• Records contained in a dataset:
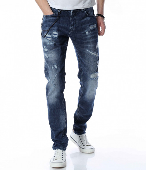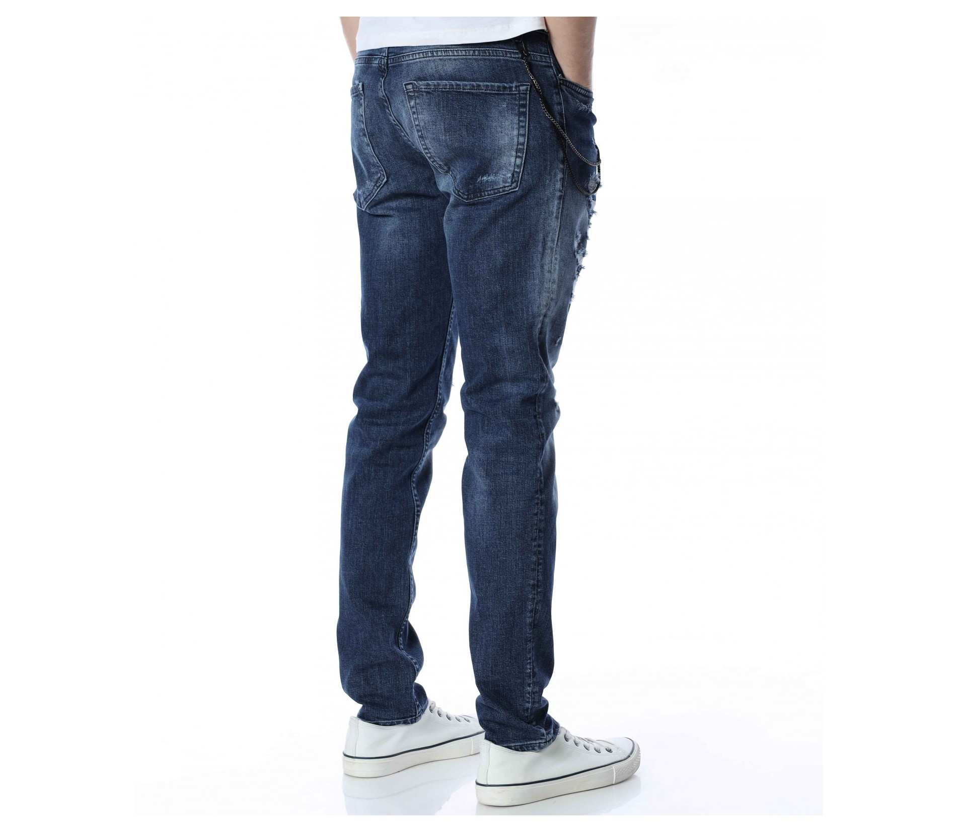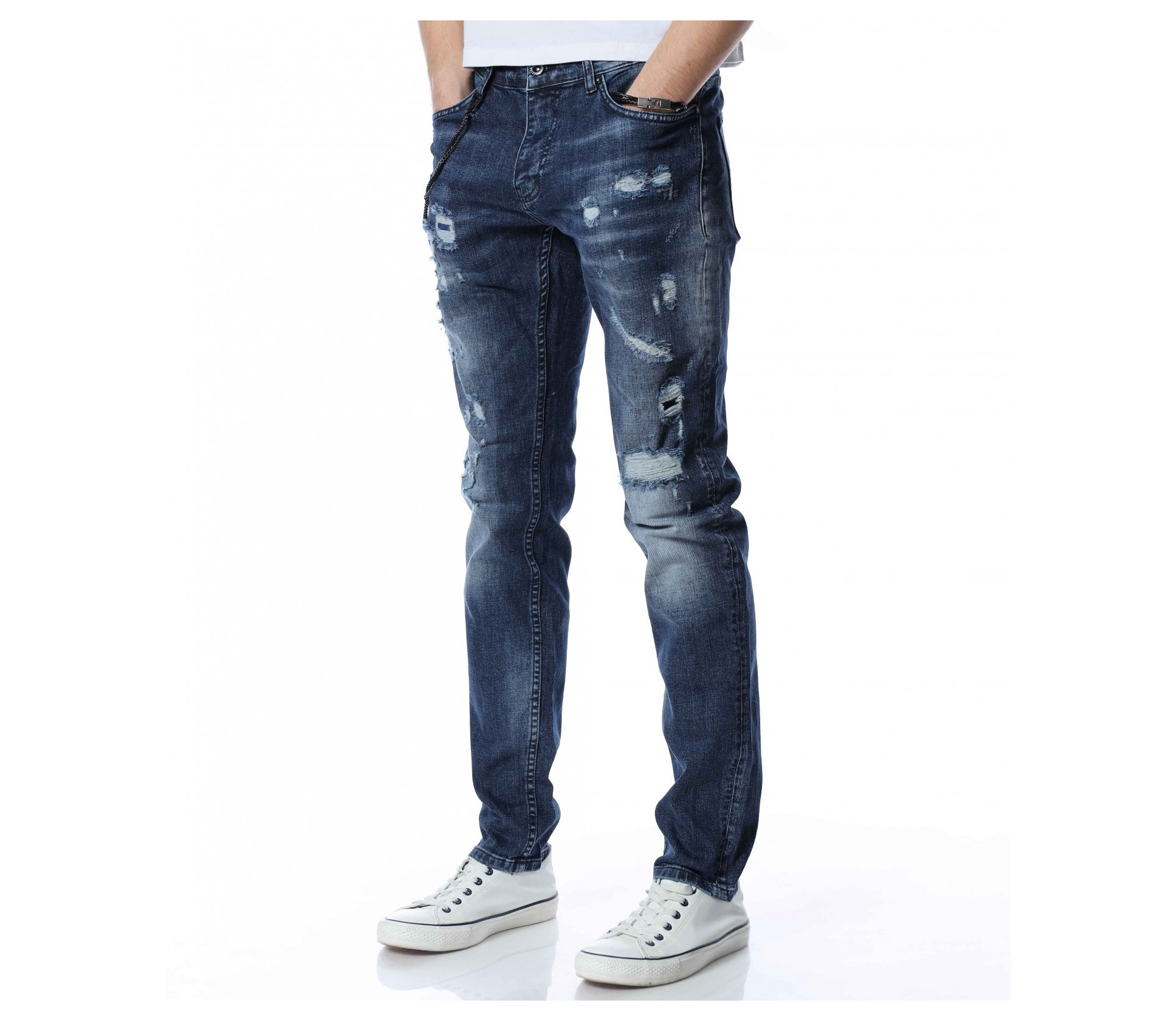ОПИСАНИЕ НА ПРОДУКТА: За ценителите на атрактивните модели мъжки дънки представяме този спортен модел дънки, който впечатлява със своята фешън визия. Десена на панталона от дънков плат е част от тъмносинята гама, като по дължинат на крачолите има изсветлели участъци. Като най-голям акцент се явява накъсания ефект под формата на кръпки с подплата. Други по-семпли надрани детайли са разположени хаотично по цялата основа. От двете страни на модела има по два дълбоки джоба, като единия преден е декориран с един в по-малък размер. Бъди в центъра на вниманието с провокативни дънки в street форма. Добавен е и атрактивен метален елемент, който се закача на гайките за колан и може да се сваля според вашето желание. Носете ги с усмивка и самочувствие.
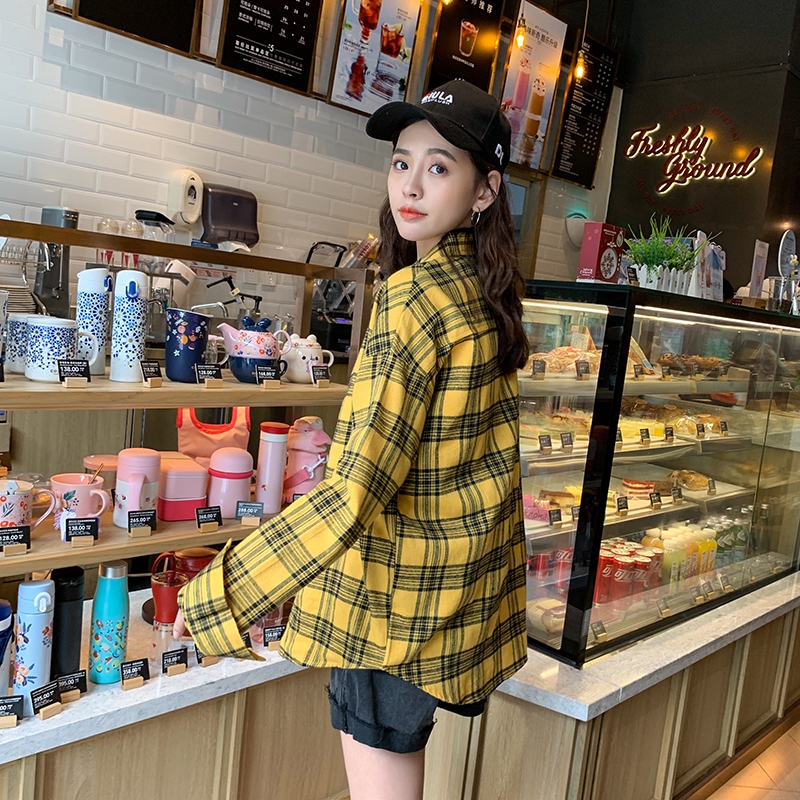 Kemeja 2019 Model Baru Kuning Merah Kotak Kotak Kemeja Jaket Musim Gugur Perempuan Harajuku Polo Shirt Wanita Imut Gaya Jepang Korea Atasan - Download
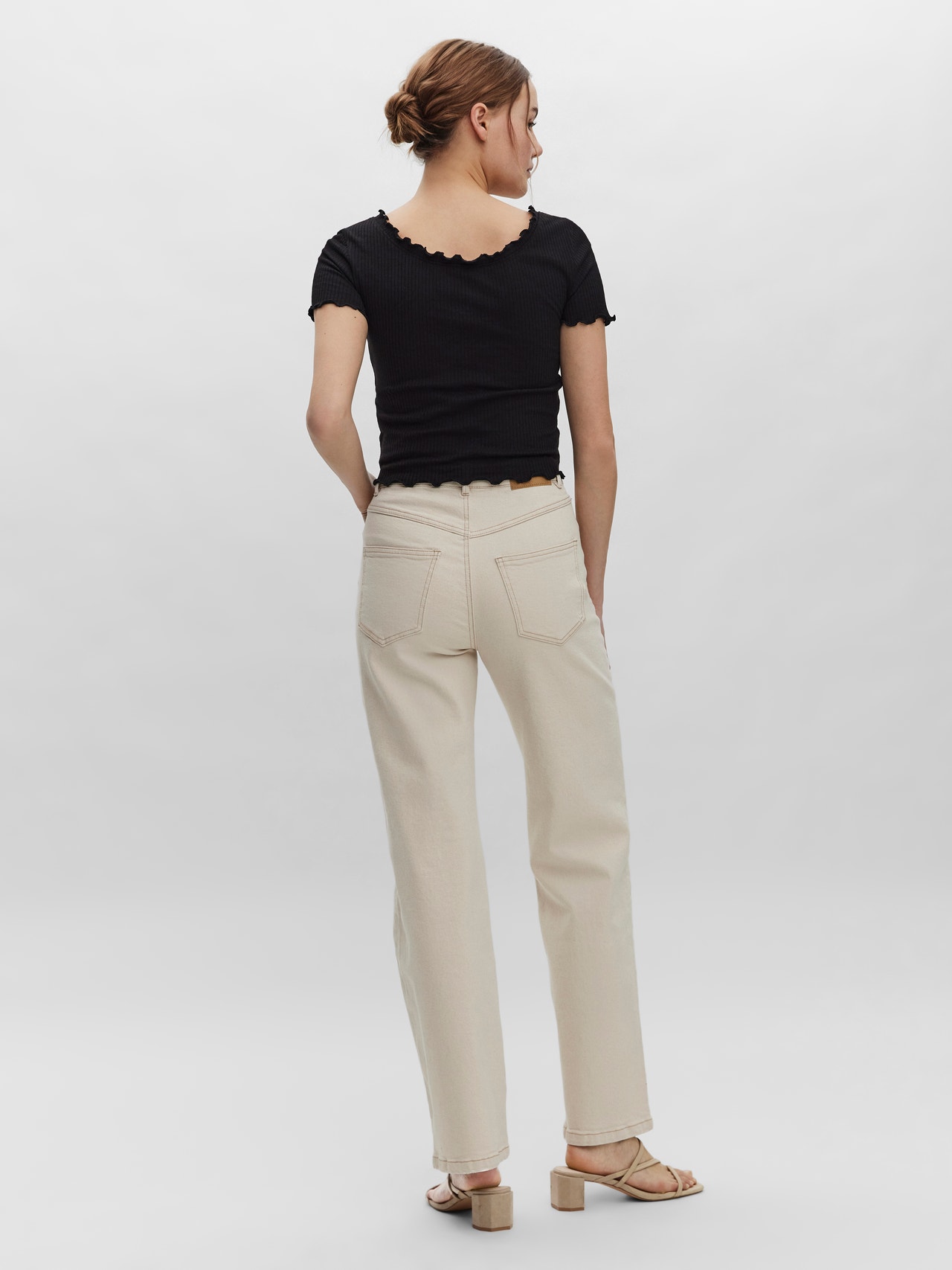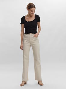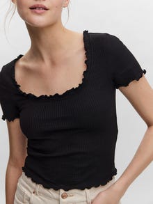 Top med flæsedetaljer, korte ærmer, en dyb u-halsudskæring og flæser ved halsudskæring, ærmekanter og nederste sømkant. Brug denne fine top med nogle højtaljede jeans og et par højhælede støvler for at få et cool og sofistikeret hverdagslook.
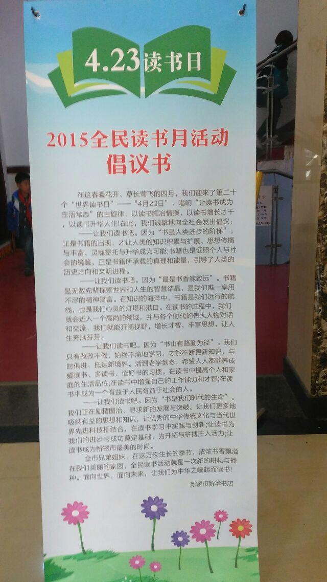 為更好營(yíng)造書(shū)香社會(huì),促進(jìn)社會(huì)閱讀風(fēng)尚的形成,提升民族文化素質(zhì),推進(jìn)學(xué)習(xí)型城市建設(shè),提高我店綜合收益,在4月23日世界讀書(shū)日來(lái)臨之際,新密市新華書(shū)店發(fā)出了2015年全民讀書(shū)月活動(dòng)倡議書(shū),提出了“美麗四月天,相約讀書(shū)日”閱讀主題,全力搞好宣傳,確;顒(dòng)取得實(shí)效,該店利用電子顯示屏、張貼海報(bào)、賣(mài)場(chǎng)布置等手段進(jìn)行宣傳,營(yíng)造氛圍,并積極組織開(kāi)展流動(dòng)售書(shū)活。
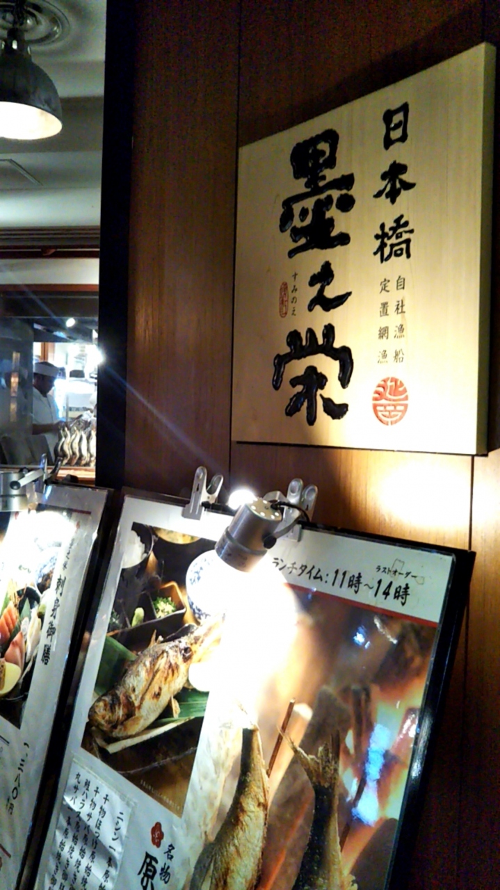 日本橋 墨之栄は、日本食がいただけるお店です。こちらの名物は、なんといっても、『原始焼き』です。店頭にて、まるごと串に刺さった魚(にしんやサバなど)を炭火で焼きあげた 豪快な一品です。原子焼きをいただこうとランチタイムになるとビジネスマンなどが多く利用されており、満席状態となっています。魚(カルシウム)不足にも良いメニューです。
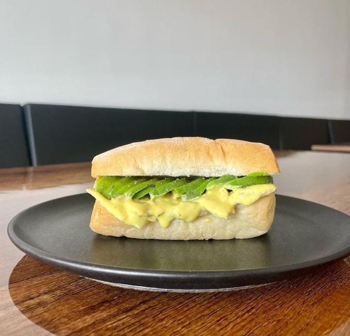 Filete de pollo en trozos con mayomostaza, un toque de ajo y palta en pan ciabatta.
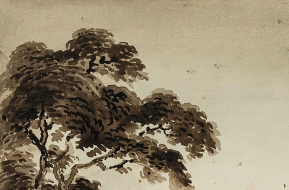- Technik: Aquarell und Tusche auf Papier, montiert auf Papier
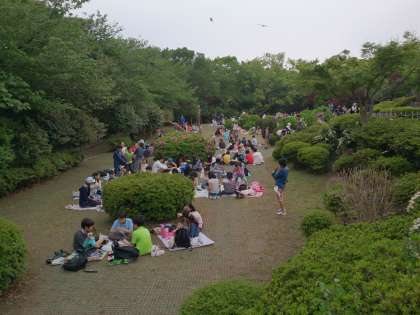 源氏山でお弁当タイム。感謝していただきます。次は銭洗い弁天です。
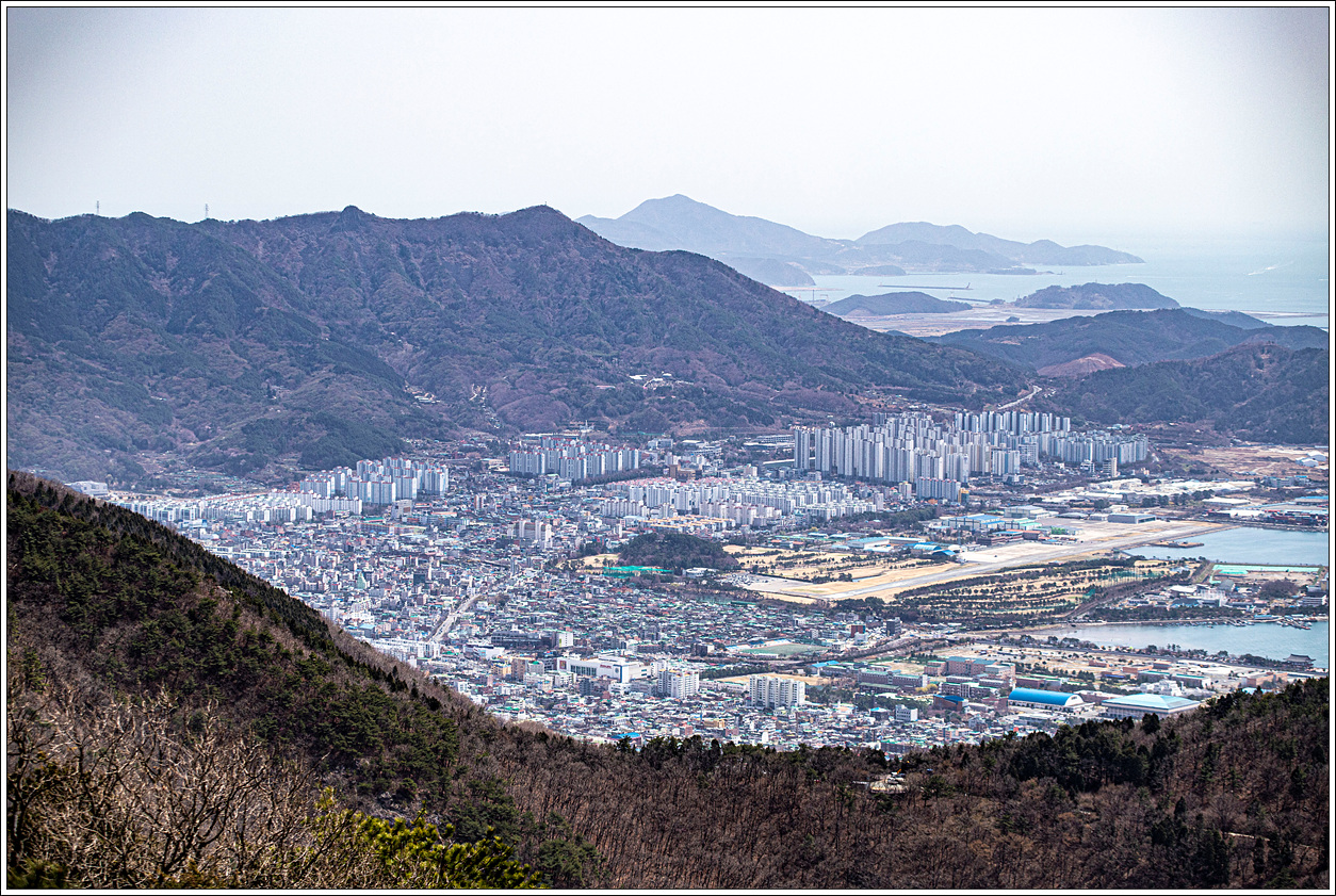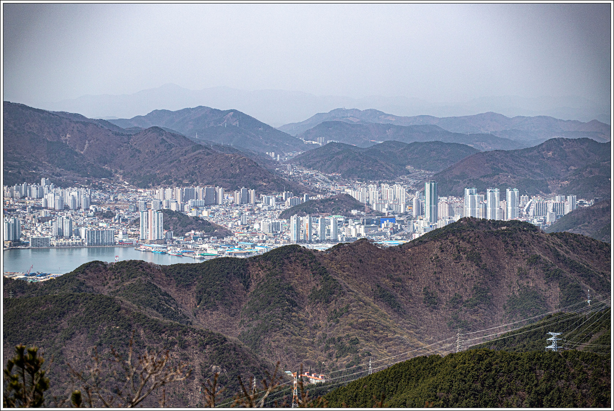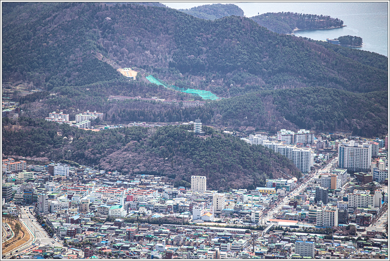 ▽ 다시 카메라를 동쪽 방향으로 돌려 렌즈로 당겨 본다. 왼쪽 시루봉, 수리봉, 천자봉으로 이어지는 능선과 가운데 멀리 가덕도의 연대봉(459.4m)이 보이고 진해구청이 있는 시내가 한 눈에 들어온다.
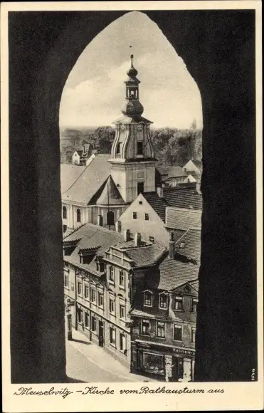 Ak Meuselwitz in Thüringen, Kirche vom Rathausturm aus, Geschäft Heinemann
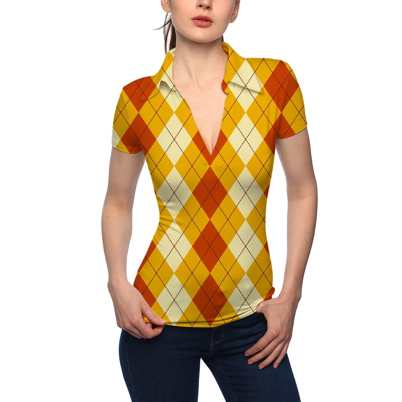 Women’s Halloween Light Yellow Red Argyle V Neck Golf Polo

• EXERCISE AIM: Restate the entries above word for word, keeping pictures out of the copy.

• ANSWER SPACE:
ОПИСАНИЕ НА ПРОДУКТА: За ценителите на атрактивните модели мъжки дънки представяме този спортен модел дънки, който впечатлява със своята фешън визия. Десена на панталона от дънков плат е част от тъмносинята гама, като по дължинат на крачолите има изсветлели участъци. Като най-голям акцент се явява накъсания ефект под формата на кръпки с подплата. Други по-семпли надрани детайли са разположени хаотично по цялата основа. От двете страни на модела има по два дълбоки джоба, като единия преден е декориран с един в по-малък размер. Бъди в центъра на вниманието с провокативни дънки в street форма. Добавен е и атрактивен метален елемент, който се закача на гайките за колан и може да се сваля според вашето желание. Носете ги с усмивка и самочувствие.
 Kemeja 2019 Model Baru Kuning Merah Kotak Kotak Kemeja Jaket Musim Gugur Perempuan Harajuku Polo Shirt Wanita Imut Gaya Jepang Korea Atasan - Download
 Top med flæsedetaljer, korte ærmer, en dyb u-halsudskæring og flæser ved halsudskæring, ærmekanter og nederste sømkant. Brug denne fine top med nogle højtaljede jeans og et par højhælede støvler for at få et cool og sofistikeret hverdagslook.
 為更好營(yíng)造書(shū)香社會(huì),促進(jìn)社會(huì)閱讀風(fēng)尚的形成,提升民族文化素質(zhì),推進(jìn)學(xué)習(xí)型城市建設(shè),提高我店綜合收益,在4月23日世界讀書(shū)日來(lái)臨之際,新密市新華書(shū)店發(fā)出了2015年全民讀書(shū)月活動(dòng)倡議書(shū),提出了“美麗四月天,相約讀書(shū)日”閱讀主題,全力搞好宣傳,確;顒(dòng)取得實(shí)效,該店利用電子顯示屏、張貼海報(bào)、賣(mài)場(chǎng)布置等手段進(jìn)行宣傳,營(yíng)造氛圍,并積極組織開(kāi)展流動(dòng)售書(shū)活。
 日本橋 墨之栄は、日本食がいただけるお店です。こちらの名物は、なんといっても、『原始焼き』です。店頭にて、まるごと串に刺さった魚(にしんやサバなど)を炭火で焼きあげた 豪快な一品です。原子焼きをいただこうとランチタイムになるとビジネスマンなどが多く利用されており、満席状態となっています。魚(カルシウム)不足にも良いメニューです。
 Filete de pollo en trozos con mayomostaza, un toque de ajo y palta en pan ciabatta.
- Technik: Aquarell und Tusche auf Papier, montiert auf Papier
 源氏山でお弁当タイム。感謝していただきます。次は銭洗い弁天です。
 ▽ 다시 카메라를 동쪽 방향으로 돌려 렌즈로 당겨 본다. 왼쪽 시루봉, 수리봉, 천자봉으로 이어지는 능선과 가운데 멀리 가덕도의 연대봉(459.4m)이 보이고 진해구청이 있는 시내가 한 눈에 들어온다.
 Ak Meuselwitz in Thüringen, Kirche vom Rathausturm aus, Geschäft Heinemann
 Women’s Halloween Light Yellow Red Argyle V Neck Golf Polo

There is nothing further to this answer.